Data excerpt Block Start
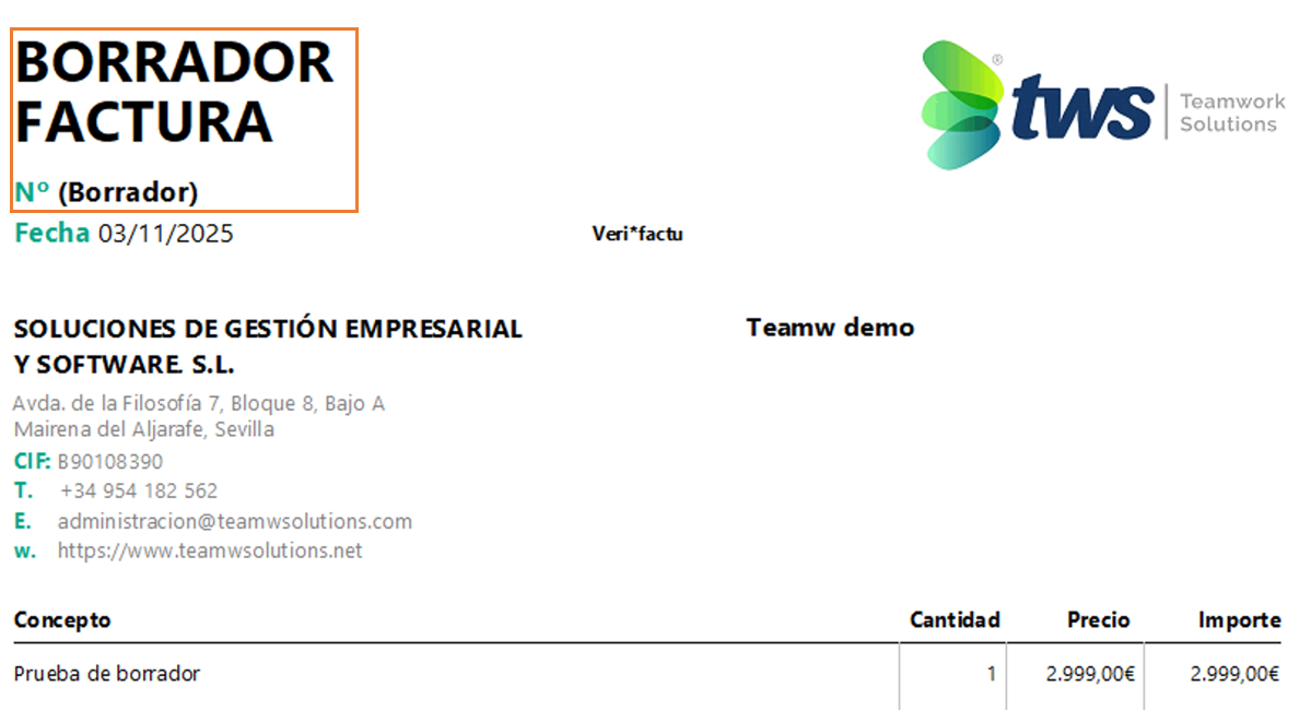 Al visualizar una factura BORRADOR, saldrá de la siguiente manera:
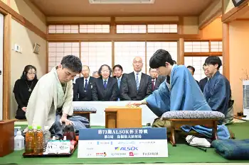 王将戦第3局始まる 藤井王将3連勝で防衛王手か、菅井八段が意地を見せるか 戦型は向かい飛車に
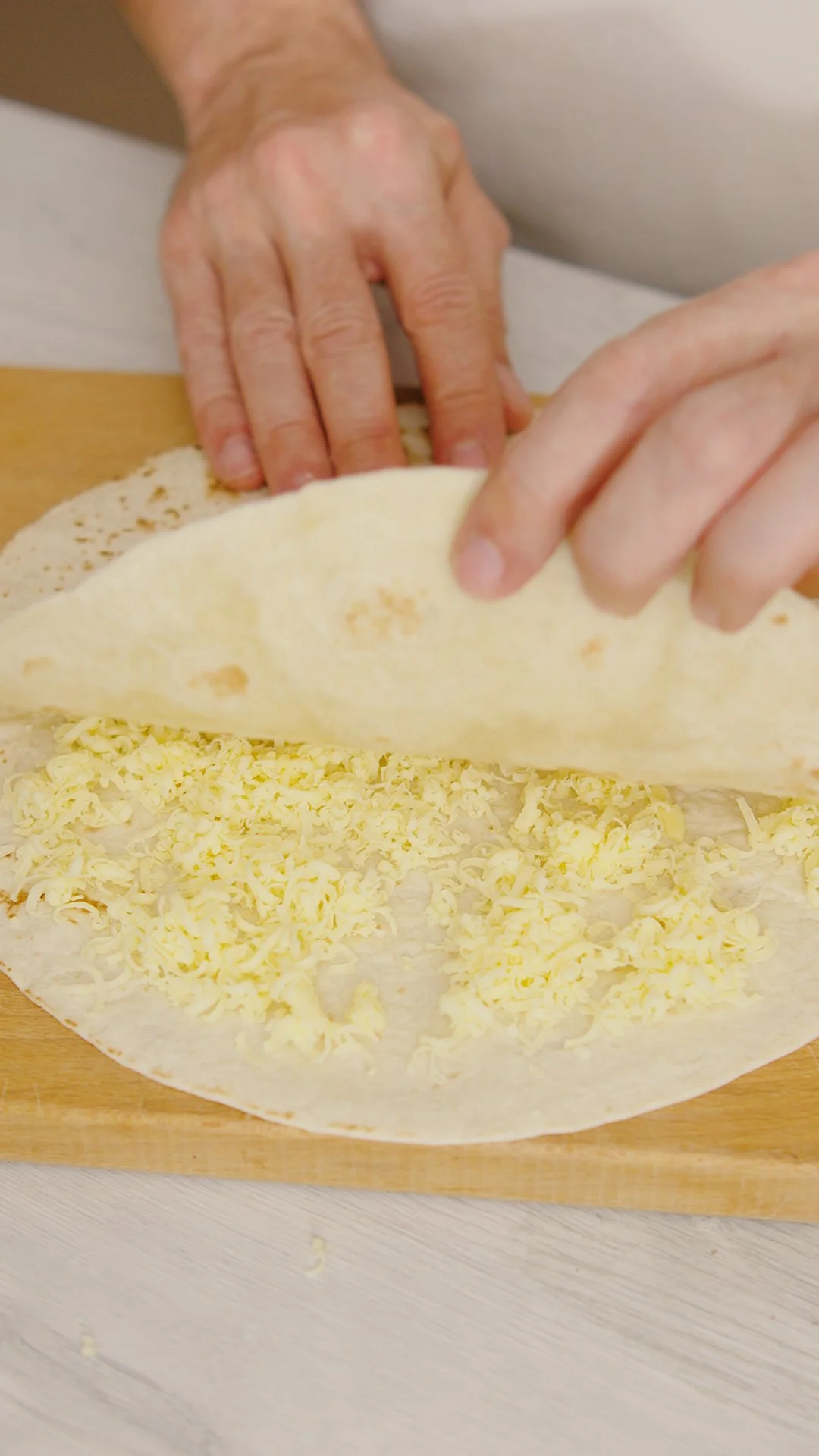 Place another wrap on top and gently press against the first wrap to sandwich the cheese in between.
Data excerpt Block End
### Problem to work on
The expected answer is the full listing above, transcribed exactly and without pictures.

### Answer to this exercise
 Al visualizar una factura BORRADOR, saldrá de la siguiente manera:
 王将戦第3局始まる 藤井王将3連勝で防衛王手か、菅井八段が意地を見せるか 戦型は向かい飛車に
 Place another wrap on top and gently press against the first wrap to sandwich the cheese in between.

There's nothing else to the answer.